"Truman Show" scammers are snaring victims in AI-powered simulated realities
"This fraud succeeds because it carefully shapes how people think, feel, and make decisions over time."
In The Truman Show, an eponymous hero gradually wakes up to the grim fact that he is living in a fake, simulated world controlled by a malign television producer.
Now security researchers from Check Point have identified a new type of fraud in which scammers trap their victims in "AI-generated realities" and named it after the hit film.
Instead of stealing people's money using cleverly written malicious code, attackers instead use sophisticated social engineering techniques to lower their targets' defenses.
Victims are first pulled into "tightly controlled" WhatsApp and Telegram groups where AI‑generated “experts” and synthetic peers groom them for weeks and even months before asking them to download an app designed to steal money and personal data.
"This campaign demonstrates how modern fraudsters can industrialize social engineering with large language models, turning what used to be manual 'pig‑butchering' scams into scalable systems that cross languages, regions and platforms," Check Point researchers Nir Horovitz and Yedidya Vachnish wrote.
Pig butchering 2.0

Described as "a CISO's nightmare", the scam starts with a false invitation from a prominent financial firm, promoting a “skyrocketing stock” opportunity with promised returns exceeding 70% and a link to join a WhatsApp group. Approaches take place via email, ads, messaging services and social platforms.
"Regardless of the platform, the objective remained consistent: move the victim from a public or semi-public channel into a private messaging environment, controlled and run by the attackers," Check Point found.
Up to 90 people appear to be members of this group and all speak the victim's language completely fluently - with some even sending DMs as well as commenting publicly as part of a "fake crowd that never disagrees."
Researchers warned: "The group exhibits constant enthusiasm and agreement, with no visible doubt, disagreement or critical discussion. Private chats appear friendly and supportive: answering questions, presenting examples of their alleged profits and encouraging participation.
"This creates the impression of independent confirmation from peers. In reality, this is automated astroturfing, bots simulating one-on-one validation to reinforce trust and reduce hesitation."
People caught up in the Truman Show scam are also shown daily details of successful trades, making a look as if they're making money. But no real time data exists as evidence of these successes and prices often contradict historical market data.

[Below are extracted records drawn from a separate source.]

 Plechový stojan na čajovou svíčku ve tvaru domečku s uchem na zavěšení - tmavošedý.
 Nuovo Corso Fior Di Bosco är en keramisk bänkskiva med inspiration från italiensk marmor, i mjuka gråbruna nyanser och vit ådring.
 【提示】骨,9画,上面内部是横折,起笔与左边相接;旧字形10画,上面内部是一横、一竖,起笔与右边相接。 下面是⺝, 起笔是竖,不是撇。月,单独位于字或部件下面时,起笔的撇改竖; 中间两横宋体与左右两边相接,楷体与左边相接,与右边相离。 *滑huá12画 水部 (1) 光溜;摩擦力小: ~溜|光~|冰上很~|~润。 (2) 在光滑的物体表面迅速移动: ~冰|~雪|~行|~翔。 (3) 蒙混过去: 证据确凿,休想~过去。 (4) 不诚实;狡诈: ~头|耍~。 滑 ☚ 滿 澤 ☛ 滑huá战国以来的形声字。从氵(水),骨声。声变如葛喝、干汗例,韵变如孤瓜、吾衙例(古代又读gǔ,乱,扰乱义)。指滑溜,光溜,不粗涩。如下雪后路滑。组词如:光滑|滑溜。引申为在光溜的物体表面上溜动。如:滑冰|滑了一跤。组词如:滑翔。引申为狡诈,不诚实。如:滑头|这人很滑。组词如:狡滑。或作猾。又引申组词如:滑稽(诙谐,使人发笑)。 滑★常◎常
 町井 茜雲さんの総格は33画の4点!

Throughout the scam, victims are told they are collaborating with major financial institutions to lend force his credibility and lower their suspicion.
Know Your Criminal
Finally, people are granted access to what appears to be an "exclusive, institutional-grade AI trading platform," whereupon they are asked to deposit cash or crypto and tricked into handing over personal details such as their ID document via malicious KYC processes.
Worryingly, this scam software is still available and at least one prominent App Store
"AI was a major force multiplier in this campaign — not because it replaced the scam infrastructure, but because it reduced the cost of running high-touch social engineering at scale," Check Point concluded.

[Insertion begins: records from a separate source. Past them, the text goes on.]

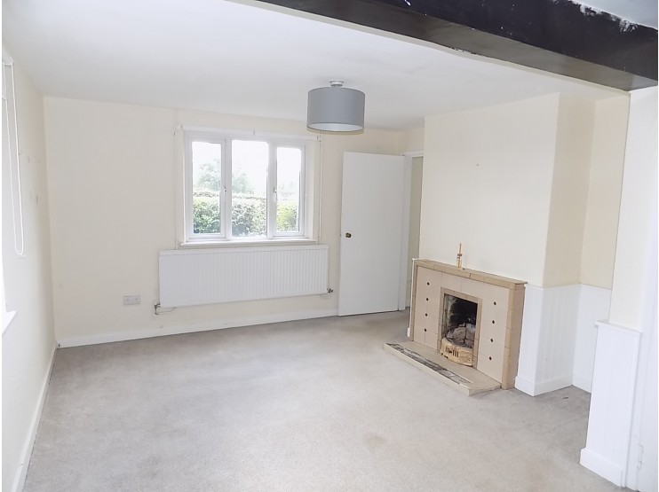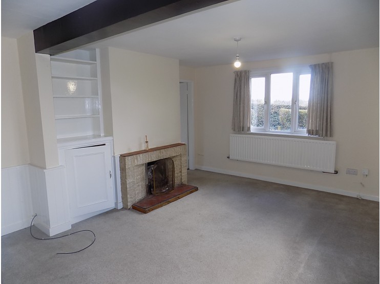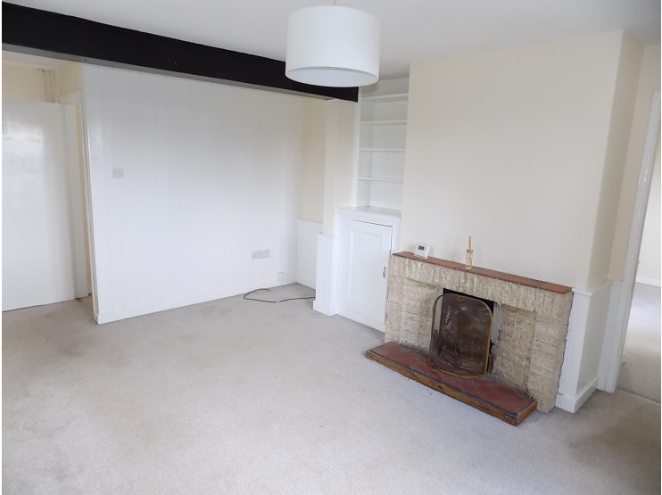 Sitting Room 5.43m x 3.82m (17’10” x 12’6”) having tiled fireplace with open grate, quarry tile mantel and hearth, flanking inbuilt cupboard, two sealed unit double-glazed windows, central heating radiator, beamed ceiling.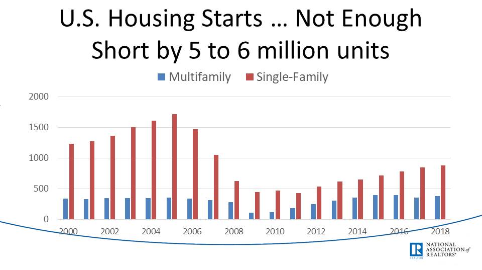 Dr. Yun said that he sees homeowners staying longer, slower economic growth, and home prices outpacing income growth. If we took action to remove local restraints such as zoning laws and the permitting process, we might see more efficient construction. He also thinks more kids should go to trade schools so we have more skilled labor. We might increase federal spending for assisting in the creation of jobs that have to do with home construction. Local economies might give tax incentives to develop and re-develop. These things will all help with the issues described above.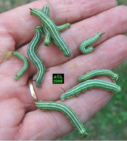 la chenille descend à terre pour s'y nymphoser, ce qu'elle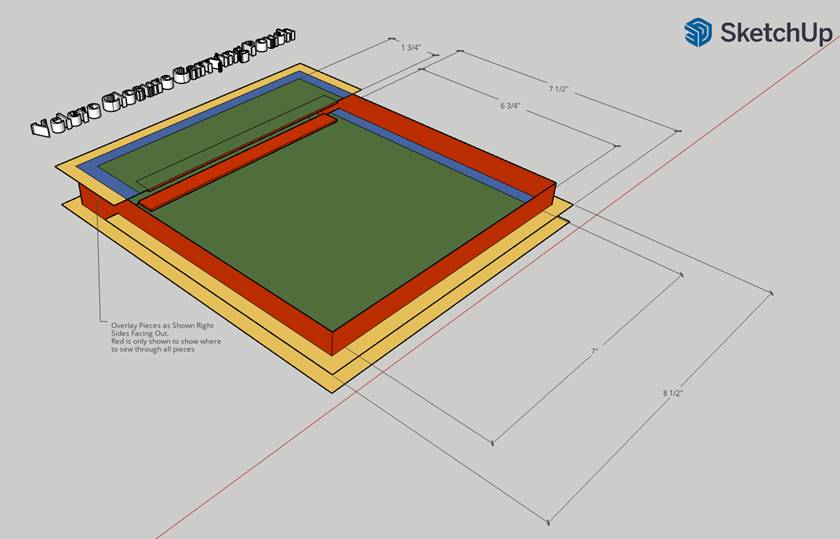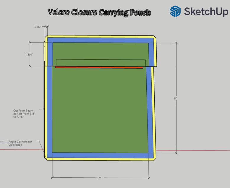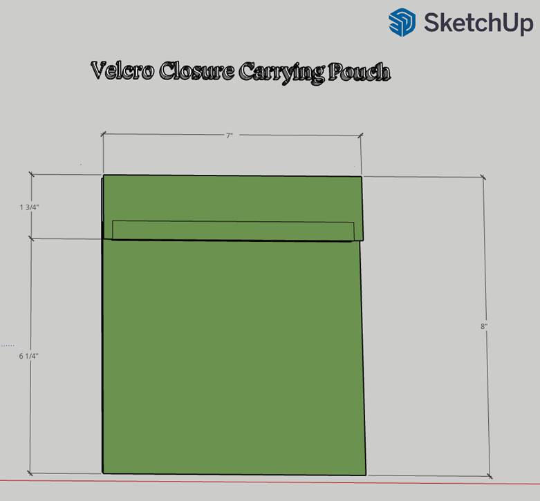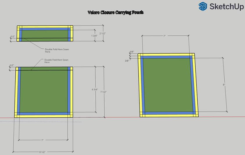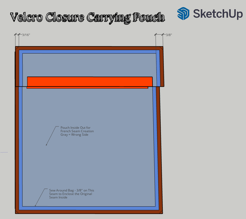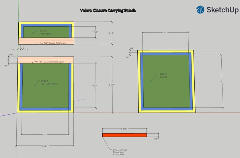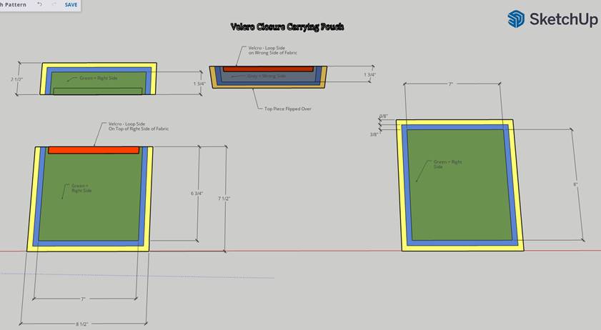 I created the fabric sizes and showed the general steps for creating the pouch in Sketchup. French seams is the key for the sides to make clean, finished edges. If a slightly different size is needed, use the dimensions shown and adjust the "green" sections to fit your particular needs. I had done an earlier version that was a little too small and just added 1/2" to the width as shown here and worked well for an iPhone XR.
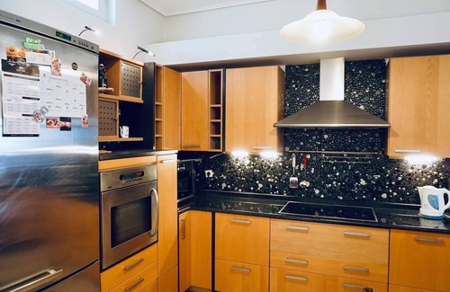 Incredibly spacious flat 120sq meters with a fancy also spacious kitchen for kitchen lovers. Combining mountain & sea while is 10 minutes away by car from the beautiful mountain of Pelion & 5 minutes walk from the port of Volos where you can catch boats that depart to all the islands around : Sporades complex Skiathos, Skopelos, Alonisos & Skiros. There are also boat trips around pagasitikos gulf to trikeri peninsula every day! Enjoy the trip & the views… Also next to trendy ouzo tapas places which Volos city is quite popular for many years of fisherman tradition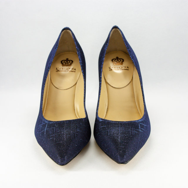 Décolleté cerimonia donna eleganti realizzate con tacco sfilato in micro glitter blu.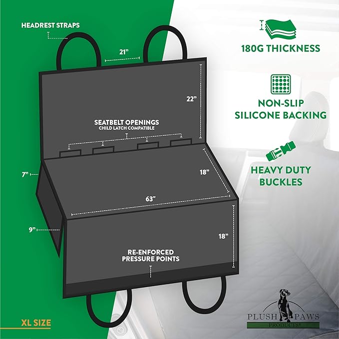 - πππ¦π¬ π§π’ ππ‘π¦π§πππ: Our sizes options are SMALL - 50"W X 60"L, REGULAR - 55''W X 58''L, LARGE, EXTRA LARGE - 65''W X 63''L, and all have 9'' X 18'' SIDE FLAPS. This elastic skirt and adjustable back and headrest straps provide a seamless clean look and snug fit. Buckle the dog car seat protector to your back seat using the adjustable back strap and insert the seat anchors to secure the cover in place. The headrest strap fits most vehicles.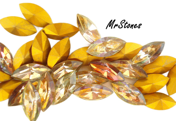 15x7 mm (4200) Vitrail Medium Marquise Navette Swarovski Art. 300 Gold Foiled Vintage Rhinestones. Color #2

"We assess that LLM-assisted automation enabled consistent personas, fluent multilingual messaging, and sustained engagement patterns that would be difficult to maintain with human operators alone.

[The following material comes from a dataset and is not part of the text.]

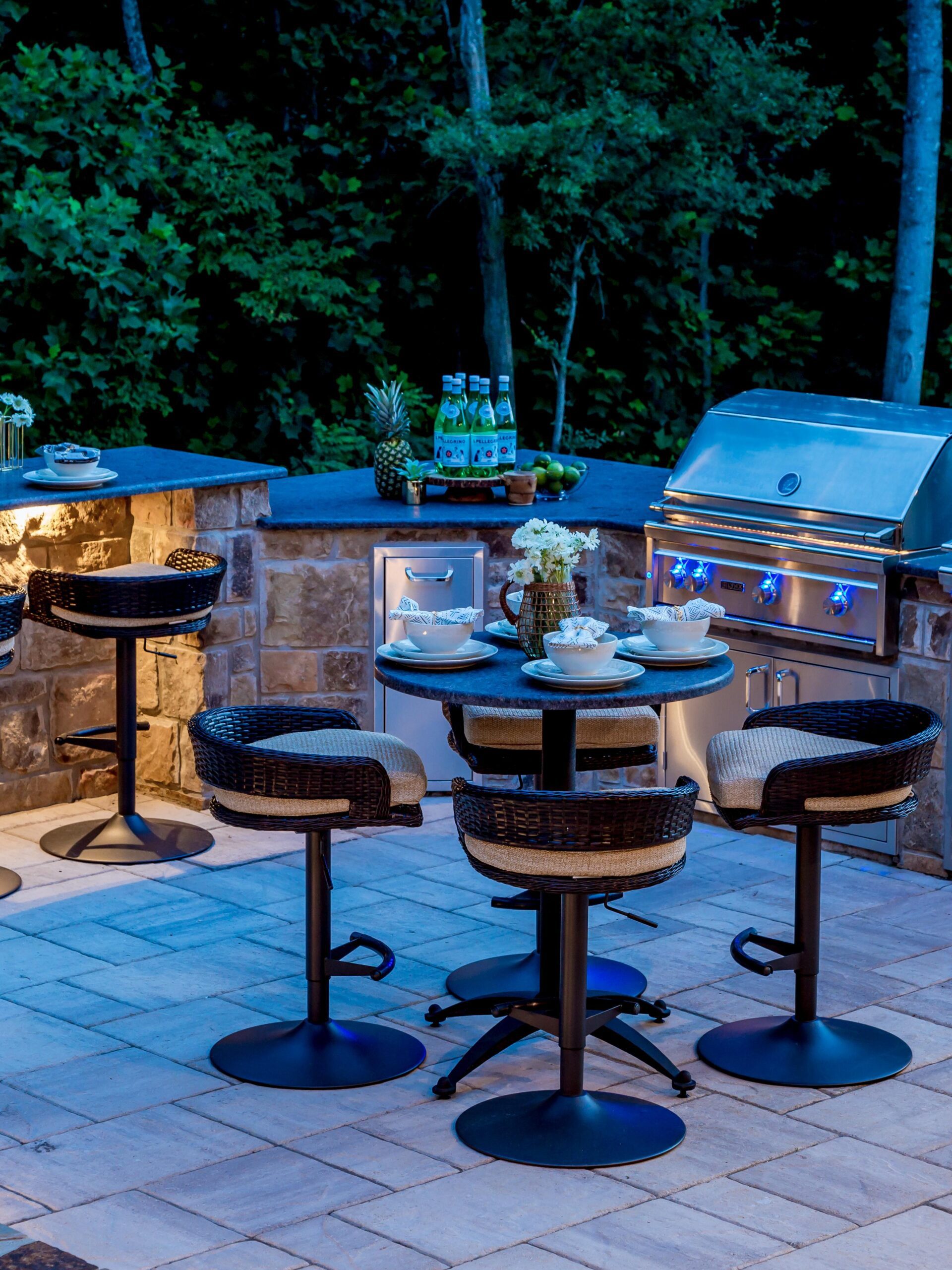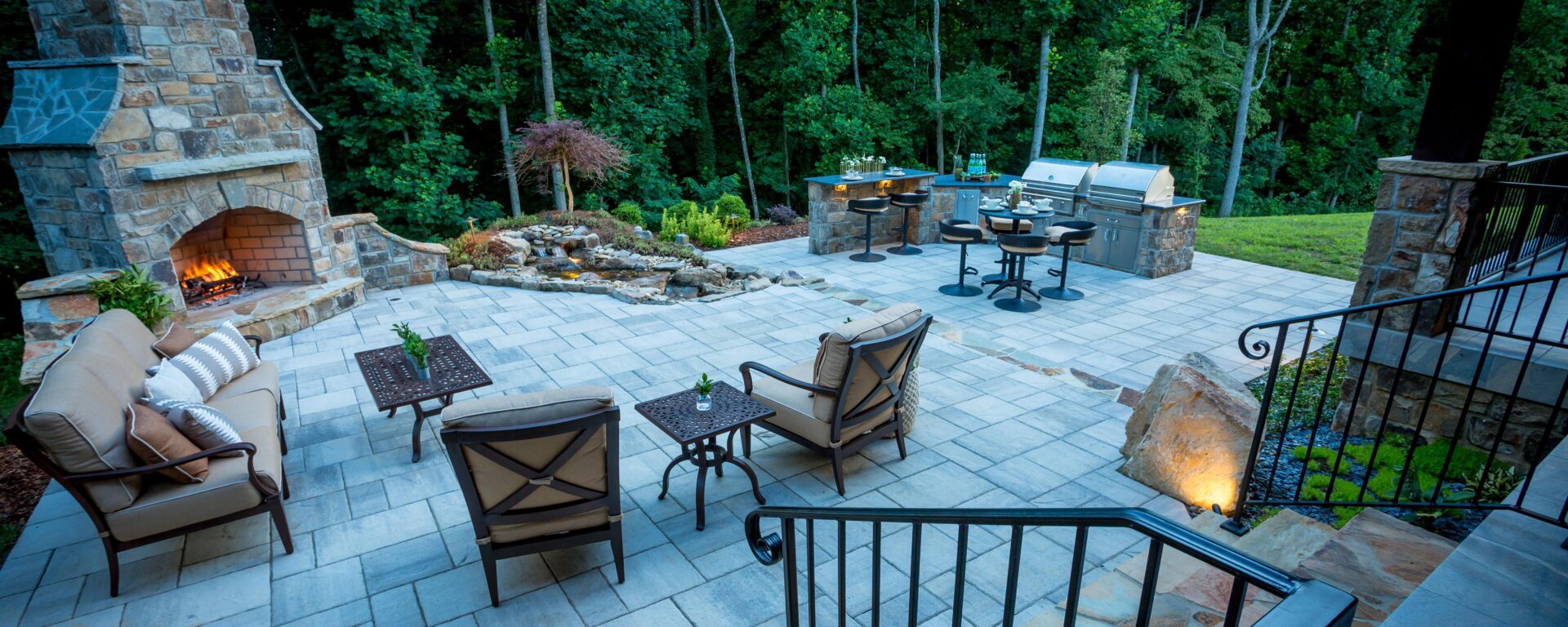 Firepits & Fireplaces, Landscape Lighting, Outdoor Kitchen, Outdoor Living, Pavers & Patios

"This campaign succeeds not because of technical sophistication, but because it carefully shapes how victims think, feel, and make decisions over time."
Unfortunately, similar scams are likely to become much more prevalent because they are cheap, easy to enact and highly adaptable.
"What makes this case especially dangerous is how repeatable it is — the social layer, content, and infrastructure can be rapidly redeployed and scaled across languages, regions, and platforms," Check Point said.